“Jejak langkah reformasi tuntaskan cita-cita reformasi indonesia” mengutip tema pelaksanaan seminar Nasional BEM PM Unud jumat 4/6 di Auditorium Widia Sabha bukit jimbaran Bali. Dalam tema tergambar jelas bahwa reformasi Indonesia yang telah bergulir 12 tahun masih banyak menyisakan permasalahan yang sampai sekarang belum tuntas. Apa kemudian permasalahan itu?
Masalah bangsa Indonesia terasa kian tidak ada habisnya ketika membuka mata dan melihat disekitar. Mulai dari masalah yang paling substansial mengenai pendidikan sampai dengan permasalahan yang terjadi di kalangan pejabat tinggi negara. Pendidikan memang bukan masalah baru sejak pra reformasi pendidikan Indonesia telah mengalami diskriminasi oleh rezim yang berkuasa membuat pendidikan hanya bisa dinikmati oleh anak-anak pejabat.
Sekarang, walau rezim orde baru yang berkuasa telah runtuh namum masalah tersebut masih tetap mengekor di bangsa ini, mulai dari masalah anggaran pendidikan yang tidak sesuai dengan APBN yang dalam anggaran dana pendidikan dialokasikan sekurang-kurangnya 20%. Namun realisasinya tidak demikian. Ditambah lagi dengan sistem UAN yang tidak memberi keadilan yang merata terhadap sokolah-sekolah yang berada di pelosok-pelosok tanah air yang membuat anak didiknya banyak yang tidak biasa menyelesaikan kewajibannya karena tidak sesuai dengan standar yang ditentukan pemerintah pusat. “pemerintah seharusnya tidak pukul rata standar kelulusan karena fisilitas setiap sekolah tidak sama” ungkap Dedi Rohim perwakilan KPK. Pemerintah semestinya melihat kondisi yang ada di daerah masing-masing Karenna tiap daerah tidak sama, terlebih jika daerah itu dibandingkan dengan Jakarta
Disamping masalah pendidikan Hak Asasi Manusia (HAM) tidak bias dipandang sebelah mata untuk mendapat perhatian dituntaskan pasca reformasi. Banyaknya tenaga kerja yang tidak mendapat kompensasi sesuai UMR yang berlaku merupakan potret kecil dari belum tuntasnya penegakan ham di Indonesia. Ditambah lagi dengan kasus-kasus tenaga kerja yang bekerja di luar negeri sebagai Tennaga Kerja Indonesian (TKI) yang diperlakukan tidak manusiawi menambah jumlah permasalahan kemanusiaan yang ada di negara ini.Sampai akhir maret 2010 terdapat Sekitar 60 ribu tenaga kerja Indonesia (TKI) yang bekerja di berbagai negara saat ini terlibat berbagai persoalan, mulai dari pelecehan seksual, penganiayaan, gaji tidak dibayar majikan hingga kasus pembunuhan. Husman Hamid selaku perwakilan kontras menegaskan “ banyaknya aktifis yang diculik dan sampai sekarang entah dimana mereka juga kurang mendapat penanganan yang serius dari pemerintah” jelas Penculikan-penculikan tesebut menambah panjangnya catatan penegakan ham yang belum tuntas di Negara ini.

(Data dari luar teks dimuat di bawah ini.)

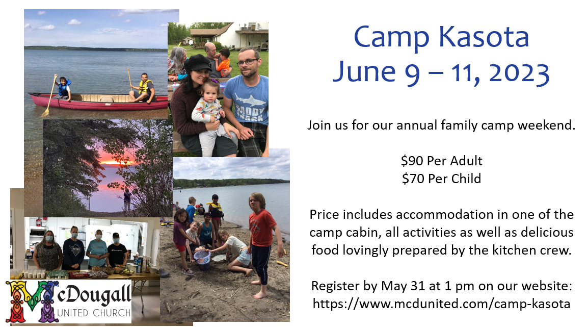 We hope that you and your family will be able to join us for our Camp Kasota weekend.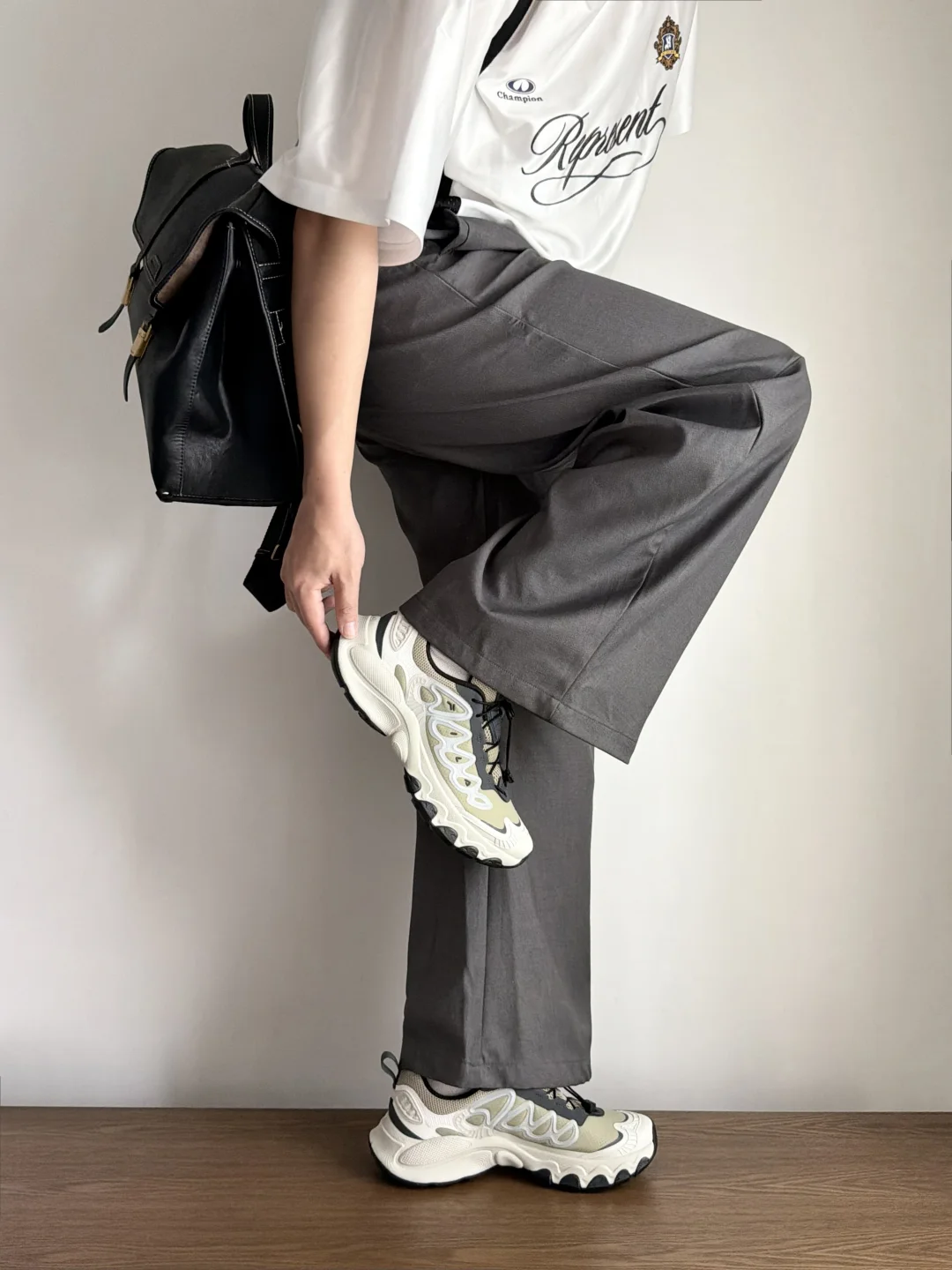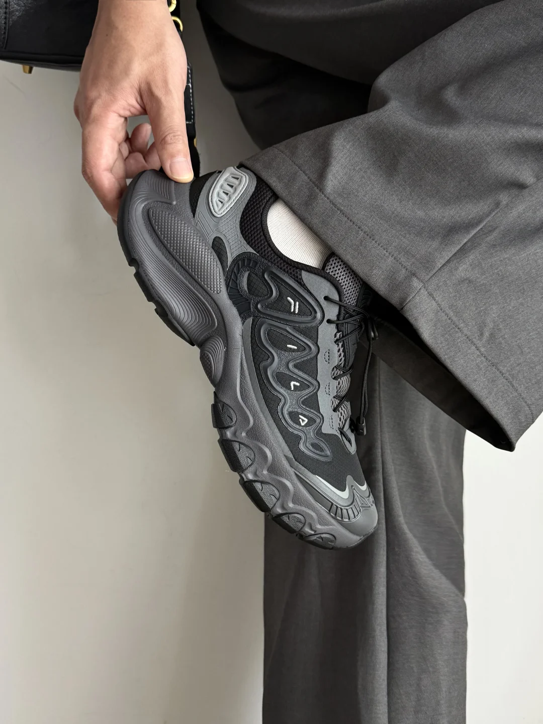 野鸽灰是那种高级感拉满的黑灰调,全鞋暗纹压印,像把工业风穿在脚上,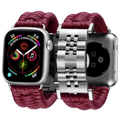 コンパチブル Apple Watch バンド 49mm 46mm 45mm 44mm 42mm 41mm 40mm 38mm コンパチブル アップルウォッチバンド 編み込み 550 パラコードと鋼ベルト 頑丈 コンパチブル iWatch Series 11/10/9/8/7/6/5/4/3/2/1 Ultra3/2/1 SE3/2/1(38/40/41/42mm,プラム/シルバー)
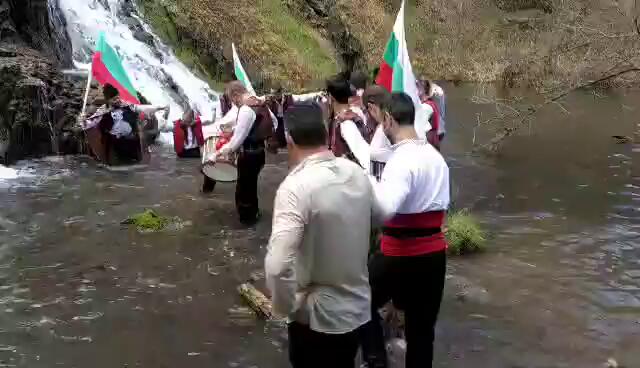 Традиционното мъжко хоро за Богоявление във водопада Докузак в Странджа

Merefleksi permaslahan yang terjadi di bangsa ini, penuntasannya memang tidak semudah membalik telapak tangan. Perlunya keberanian untuk memulainya adalah hal yang tepat, namun keberanian pun menjadi sesuatu yang mahal ketika penuntasan reformasi harus melawan kekuasaan yang mengandalkan modal. Membangkitkan keberanian dengan merubahan pola pikir adalah langkah awal yang harus dilakukan oleh kaum muda yang selama ini ternyamankan dengan keadaan yang ada.Apalagi dengan serangan global yang semakin deras menerjang bangsa yang semakin membuat hilangannya jati diri kaum muda sebagai bagian dari bangsa. Mulai punahnya warung-warung akibat menjamurnya pasar-pasar modern adalah contoh yang nyata disekitar kita bahwa manusia sekarang lebih mementingkan gengsi semata. Di samping itu lunturnya nilai-nilai luhur pancasila juga menjadi indikator beratnya menuntaskan permasalan yang ada. Nilai-nilai yang menjadi landasan untuk bertindak kini hanya menjadi kiasan yang hanya dihafalkan tanpa ada pelaksanaan yang nyata.
Melihat permasalahan yang ada kemudaian apakah kaum muda sebagai penerus bangsa akan berdiam diri saja tanpa ada kontribusi terhadap Negara setelah mengikuti seminar tersebut? tentu saja tidak. Jika diperlukan reformasi sampai mati pun semestinya sanggup.